Research findings need to be translated into information that is meaningful for clinicians, managers, policy makers, patients and their families. There is a need to exchange and transform knowledge between those producing and using it. Not only do clinicians need to be able to understand and apply the research evidence, but organisations need suitable leadership structures and a culture to value research. Successful knowledge translation is therefore an interactive and reciprocal process that requires consideration of the nature of the research evidence, the clinical context and methods to change practice.
There is an inherent challenge in building the evidence for how to do this. Most research evidence is focussed on specific implementation plans for particular clinical scenarios or problems. There are only a few theoretical models for incorporating research evidence into healthcare practice. Two will be introduced here.
The Canadian Health Research Foundation has emphasised a dynamic model of pushing researchers to communicate clearly, pulling research evidence for policy making and exchanging research priorities for clinical practice needs. At its core are relationships between researchers, clinicians and managers. Commonly, doctoral students who were experienced managers and clinicians, learn about research. They utilise their familiarity with their own healthcare systems to integrate research into everyday practice. Just-in-time teaching experiences are designed to be responsive to the clinical setting. Projects that have organisational support are the focus for change and improved evidence-informed practice.
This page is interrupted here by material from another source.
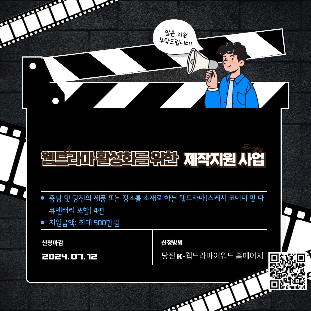 본 지원사업은 웹드라마, 스케치 코미디, 다큐멘터리 등 다양한 형식의 영상 콘텐츠 제작을 지원하며, 4편의 작품을 선정할 예정이다. 지원 대상은 영상물 제작 또는 홍보 등의 사업을 영위하는 개인사업자 또는 법인사업자로 제한되며, 지원 신청은 2024712일까지 당진 K-웹드라마어워드 홈페이지를 통해 가능하다.
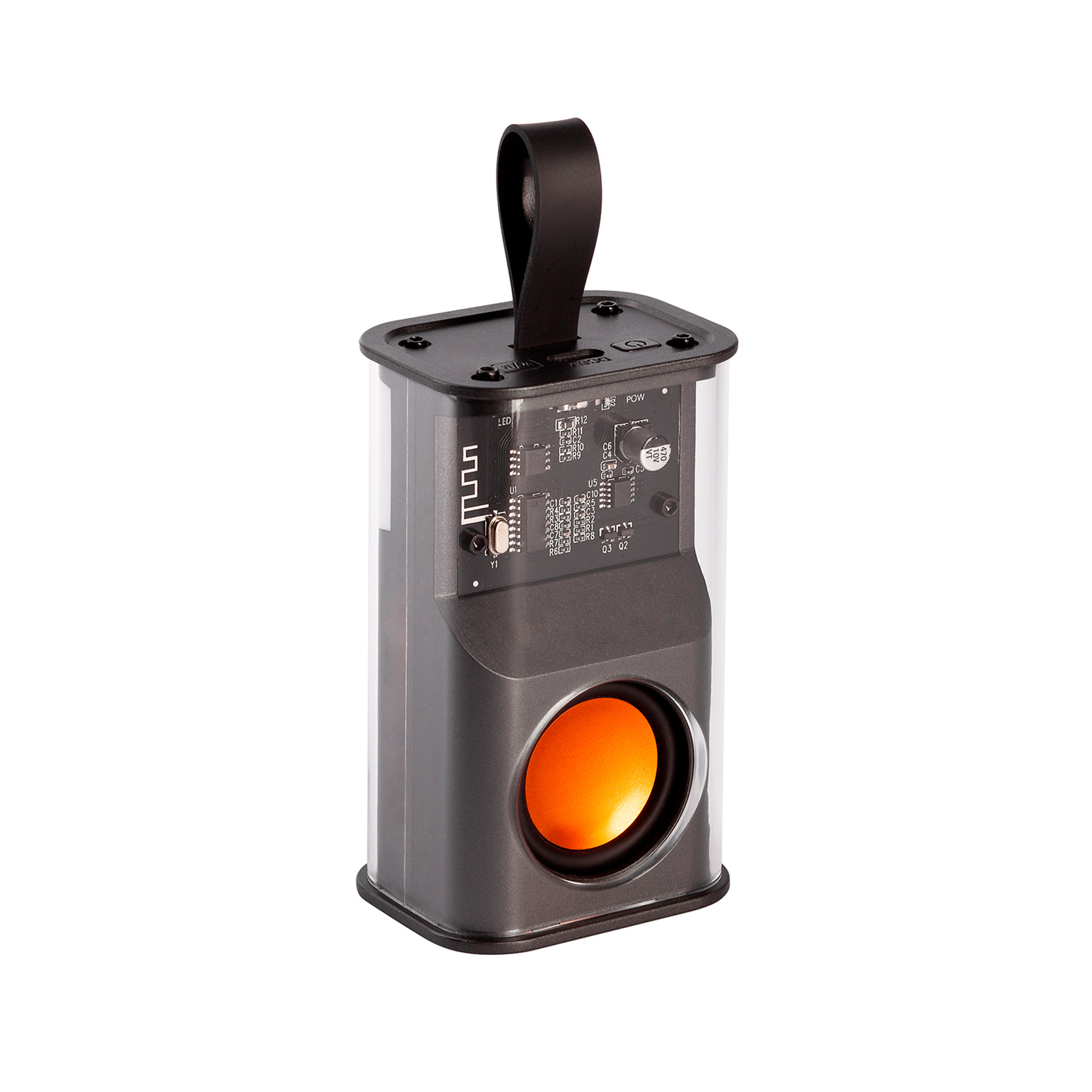 Bluetooth колонка "Hi-Fi" 5Вт с разноцветной подсветкой и прозрачным корпусом, черный с оранжевым

In the UK, the National Institute for Health Research (NIHR) has established Collaborations for Leadership in Applied Health Research and Care (CLAHRCs) to use research in clinical practice. Eight core principles have been identified to drive implementation:
- healthcare professionals draw on different sources of evidence beyond research
- research evidence needs to be interpreted in context, and in relation to other competing priorities
- implementation is an iterative, cyclical and interactive process
- the environment of proposed change needs careful evaluation, in consultation with key stakeholders
- effective multi-faceted interventions need to be adapted to respond to the unique context
- relationships and networks need to be created for learning and sharing information
- unique implementation structures and leadership processes are required to manage change
- co-production of knowledge enhances its relevance and transferability to practice
At the end of the day, there is a need for researchers and clinicians to have shared ownership about how research findings inform clinical care at the individual and organisational level.